Внутри усыпальницы был просторный высокий зал. Каменные стены были прорезаны нишами. В нишах таились тени, в зале таилась тишина.
Через решётчатые окна лился мягкий солнечный свет. Косые предзакатные лучи отвесно падали на могилы Тимура, его сыновей и любимого внука. Надгробием Тимуру служил драгоценный тёмно-зелёный нефрит. В древности этот камень считался волшебным.
— Сам Улугбек привёз нефрит из похода и возложил его на могилу деда, — сказала Гульчехра Хасановна.
— Значит, хромоногий Тимур лежит под зелёным камнем? — спросил Севка.
— Нет. Все надгробия ложные, под ними никто не лежит. Настоящие могилы находятся под полом, в особом погребальном склепе. В тысяча девятьсот сорок первом году, когда наша страна отмечала юбилей Улугбека, в Гур-Эмир пришли учёные. Они вскрыли могилы и осмотрели скелеты. Осмотр подтвердил и то, что Тимур был хромой, и то, что Улугбек умер насильственной смертью.
* * *
В этот день поужинали рано и рано легли спать. Завтра отправлялись домой — встать было нужно вместе с солнцем.
Глава XI
Приехав домой и влетев на суфу, Севка сразу почувствовал, что без него случилось что-то неладное.
Никто не смеялся, не рассказывал историй. Каждый занимался собственными делами: Борис Яковлевич писал, папа читал, Нина Георгиевна наводила порядок, Татьяна Васильевна вообще отсутствовала, Лида решала кроссворд, Лёня смотрел в небо.

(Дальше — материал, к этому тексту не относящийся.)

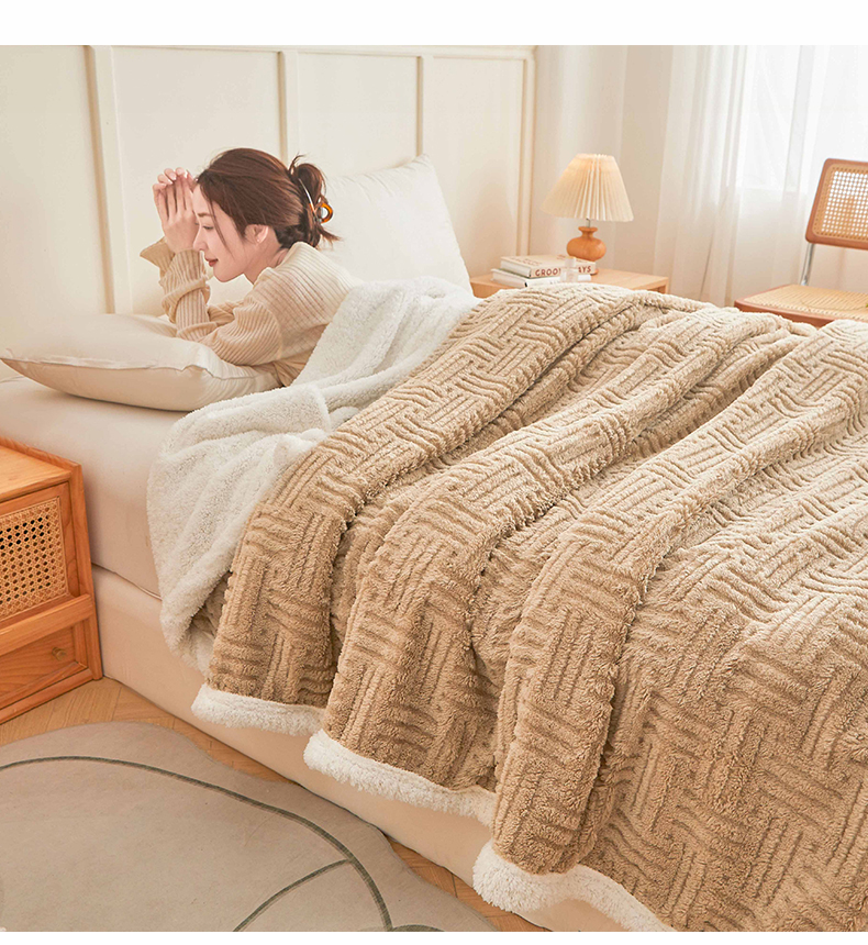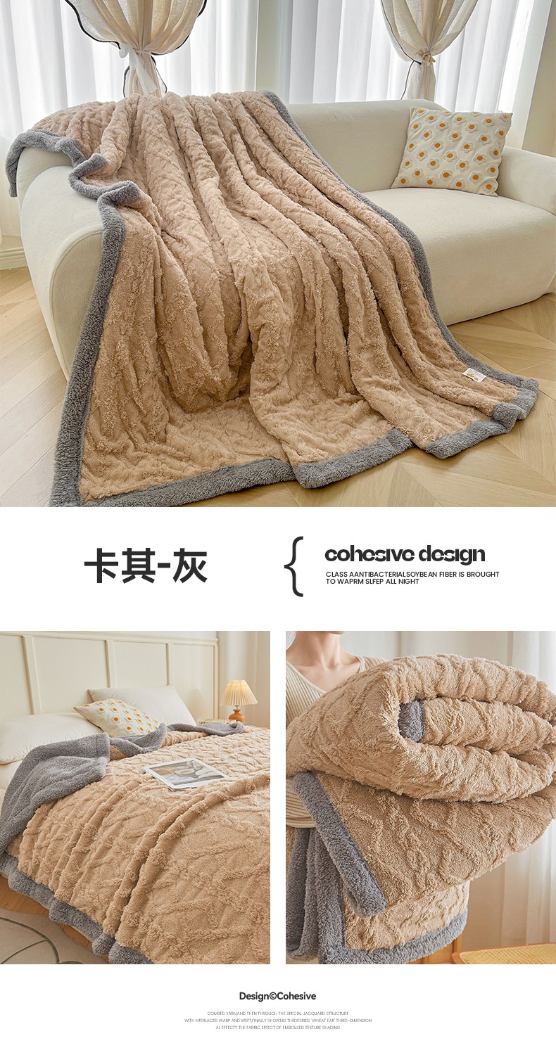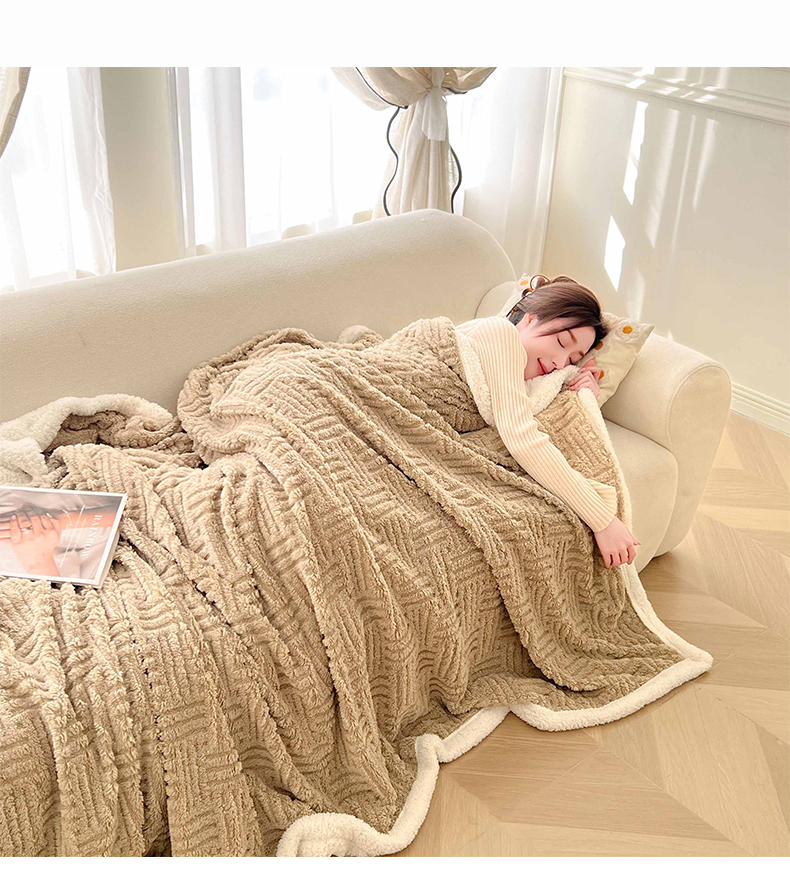 澳梵家居 2025新款塔芙绒提花毛毯盖毯 柔雾蓝-灰
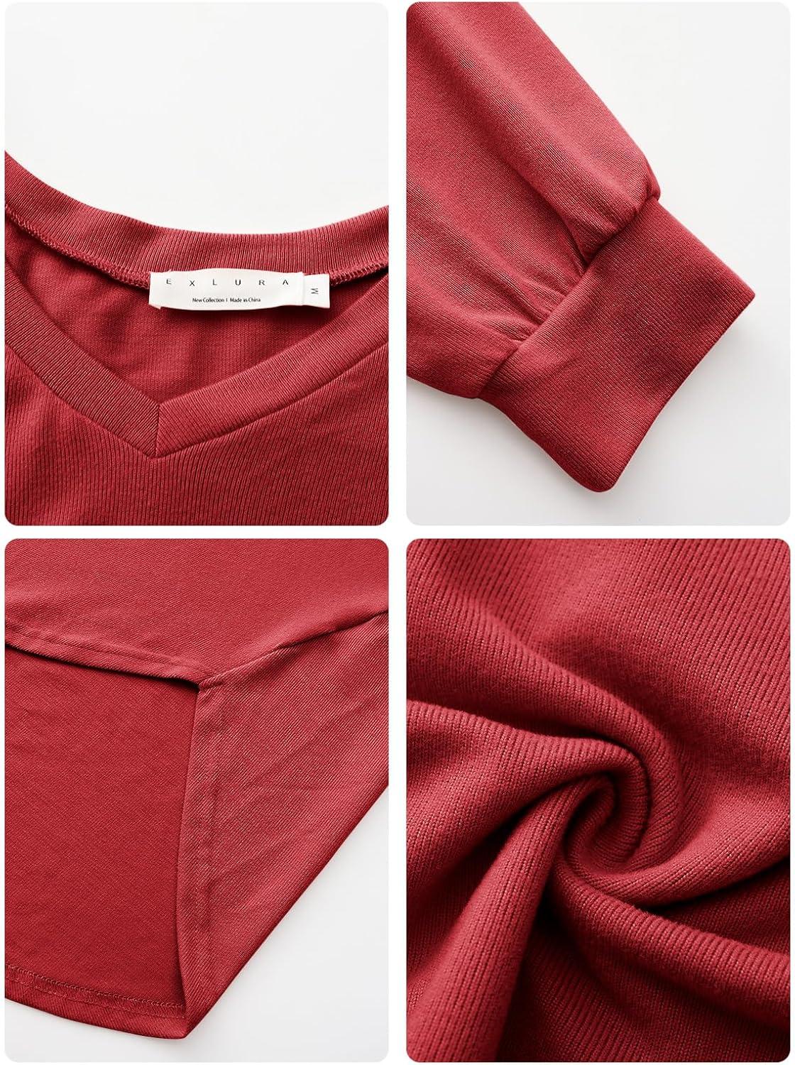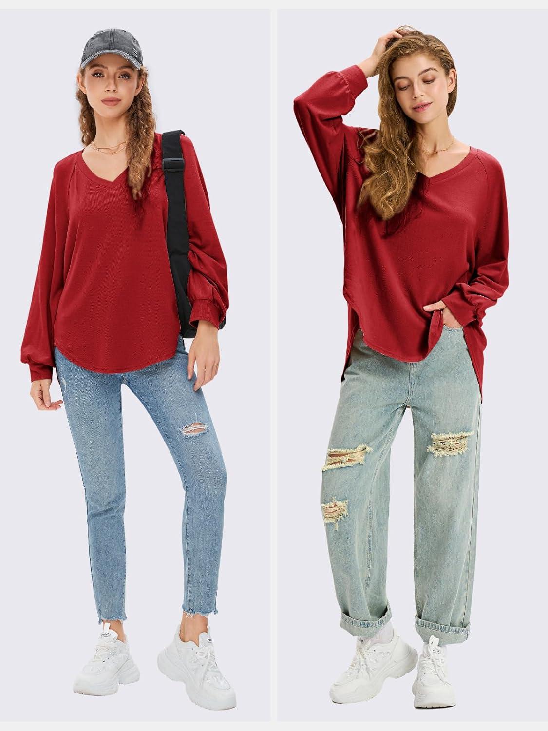 EXLURA Womens Fall Oversized V Neck Tunic Tops 2025 Casual Long Sleeve Shirts Lightweight Soft Sweater Curved Hem T Shirts(Red)
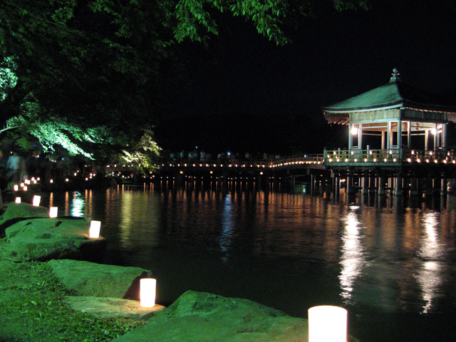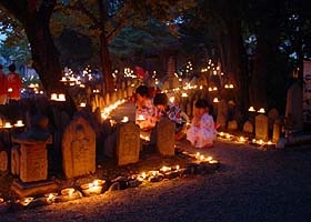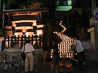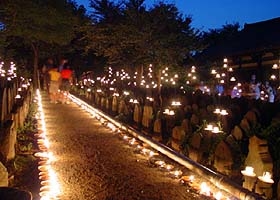 元興寺地蔵会万燈供養 http://www.kasugano.com/kankou/gangouji_jizoue/ 平成19年 8月23日(水)・24日(木) 17:30〜21:00 拝観料:無料 世界遺産でもある元興寺は平城遷都に伴い藤原京にあった日本最古の仏寺、法興寺(飛鳥寺)が移転したものです この元興寺では8月23・24日地蔵会万燈供養が行われます。 お皿の上に油と灯芯となる縄に火がつけられ石仏の前に並べられ、多くの観光客やカメラマンがここを訪れます。 23日だけは夜店も出て子供と行っても楽しめます。 本堂の智光曼荼羅の前に地蔵菩薩2体を
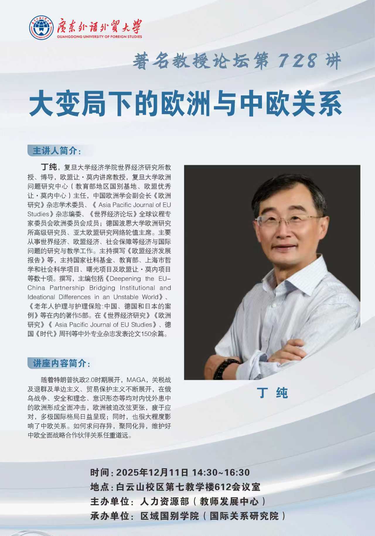 著名教授论坛第728讲:大变局下的欧洲与中欧关系
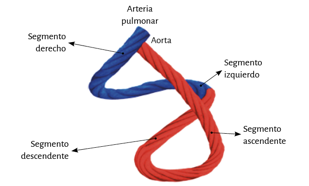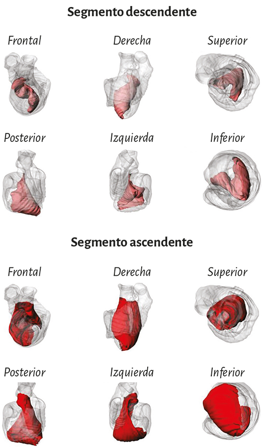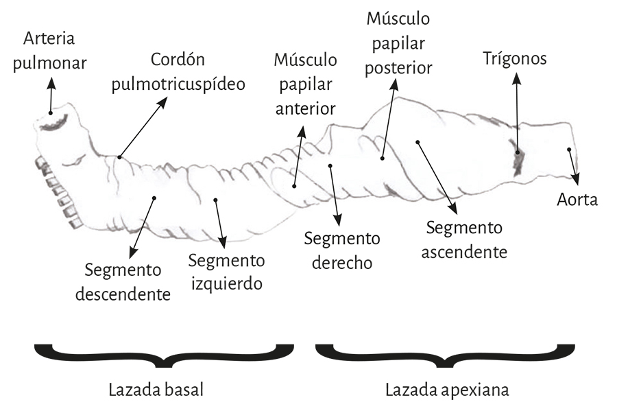 La lazada basal, desde su inserción en el fulcro cardíaco, se extiende hasta el doblez central del miocardio continuo. Por su parte la lazada apexiana discurre desde ese punto de inflexión del miocardio hasta la base aórtica. Cada una de ellas consta a su vez de dos segmentos. La basal está constituida por los segmentos derecho e izquierdo. Los pertenecientes a la apexiana tienen el nombre de descendente y ascendente (figura 7). En la disposición integral de las lazadas, la basal abraza a la apexiana, lo cual determina que la cavidad ventricular derecha se presente como una hendidura abierta en el espesor de la masa muscular que conforma a ambos ventrículos (figura 1). Con relación a los segmentos, ellos están definidos por referencias anatómicas, sin perder la continuidad que ostenta el miocardio en carácter de músculo único.
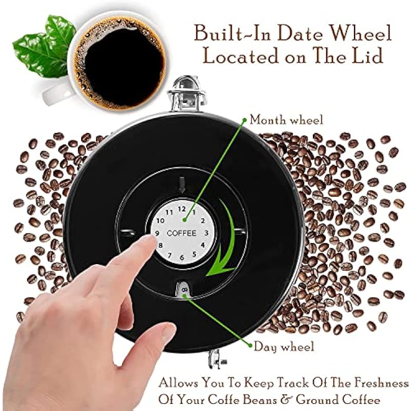 - Storage Space: The air tight container provides enough storage space, 16 oz (1lb), to keep a nice stash of your favorite grounded coffee or coffee beans. The fresh-built-in date wheel on the lid lets you keep track of the freshness of your coffe beans & ground coffee.
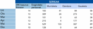 Oro har, datu horiek erakusten dutenez, espedienteen kopurua handitu ez den arren, enpresek irismen handiagoko doikuntzak aplikatu dituzte, eta horrek barne-berrantolaketaren aldi bat adieraz lezake.
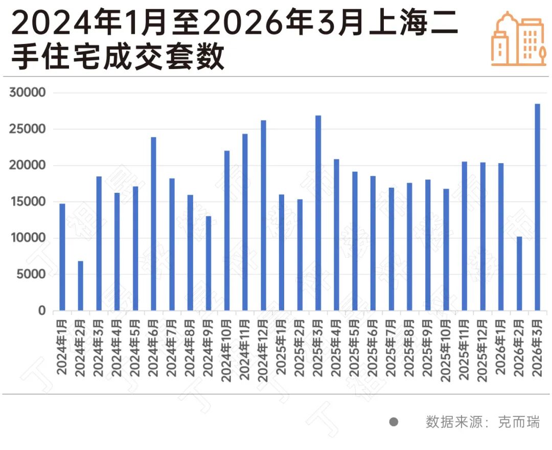 克而瑞数据显示,2026年3月上海二手住宅成交28492套,在2025年3月较高基数的基础上同比增长6%,成交套数创下近5年新高。
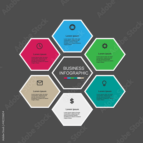 Business infographic hexagon in flat design. Layout for your options or steps
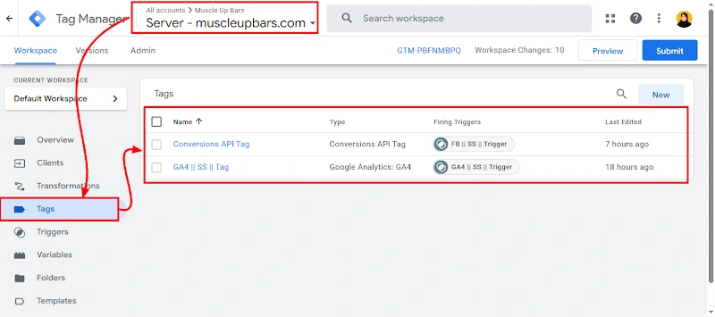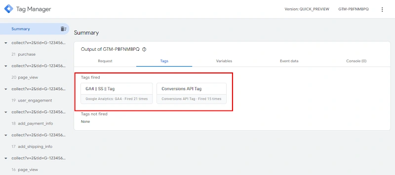 23. Server container preview mode and server tag are properly fired
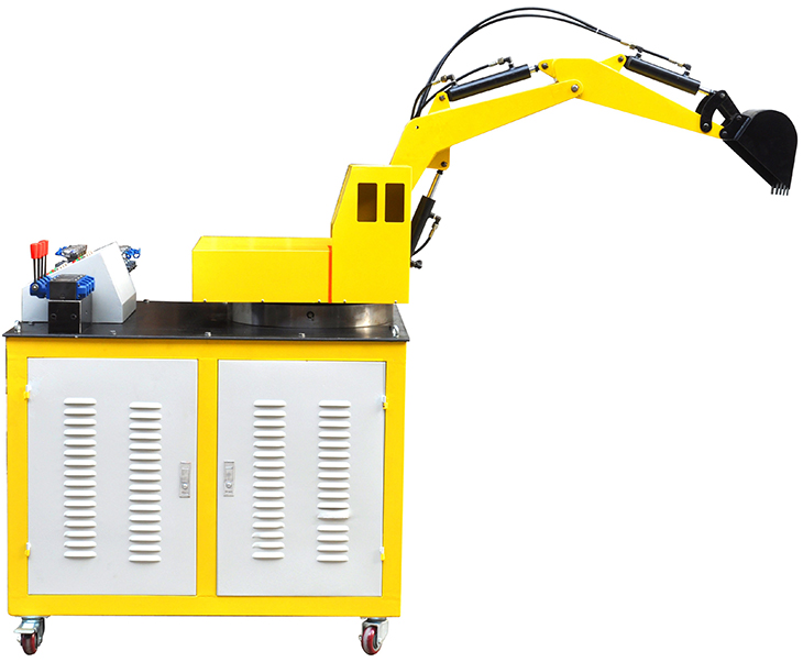 工業(yè)型挖掘機液壓實(shí)訓臺能模擬真實(shí)挖掘機工作裝置和回轉機構的各種動(dòng)作,最高工作壓力可達7MPa,實(shí)訓臺由液壓挖掘機工作裝置、回轉機構、液壓傳動(dòng)系統、電器控制器件、可編程控制器(PLC)和實(shí)訓桌組成,可實(shí)現挖掘、提升、回轉、卸料等典型動(dòng)作。其中,液壓傳動(dòng)系統配備手動(dòng)、PLC控制兩種方式,分別由四組手動(dòng)換向閥和電磁換向閥實(shí)現。通過(guò)操控本實(shí)訓臺,學(xué)生可以清晰地了解單斗液壓挖掘機的液壓元件組成、液壓回路工作原理、典型動(dòng)作控制方式和機械結構。
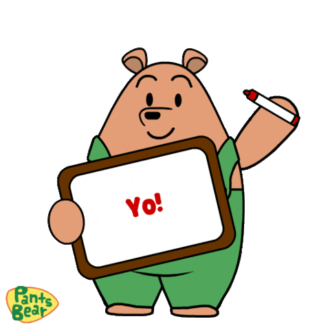 Pantsbear, the friendly cartoon bear, greets with a cheerful 'Yo!' written on a whiteboard, perfect for casual hellos.

— Вы что, поссорились, что ли? — спросил Севка, переводя взгляд с одного на другого.
— Ого, путешественник вернулся, — сказал Борис Яковлевич, — ну, рассказывай.
— Я-то расскажу, а вы-то что, поссорились, что ли?
— Не поссорились, а расстроились. Татьяна Васильевна руку сломала, — сказал Андрей Петрович.
— Споткнулась о ровное место, — сказала Нина Георгиевна.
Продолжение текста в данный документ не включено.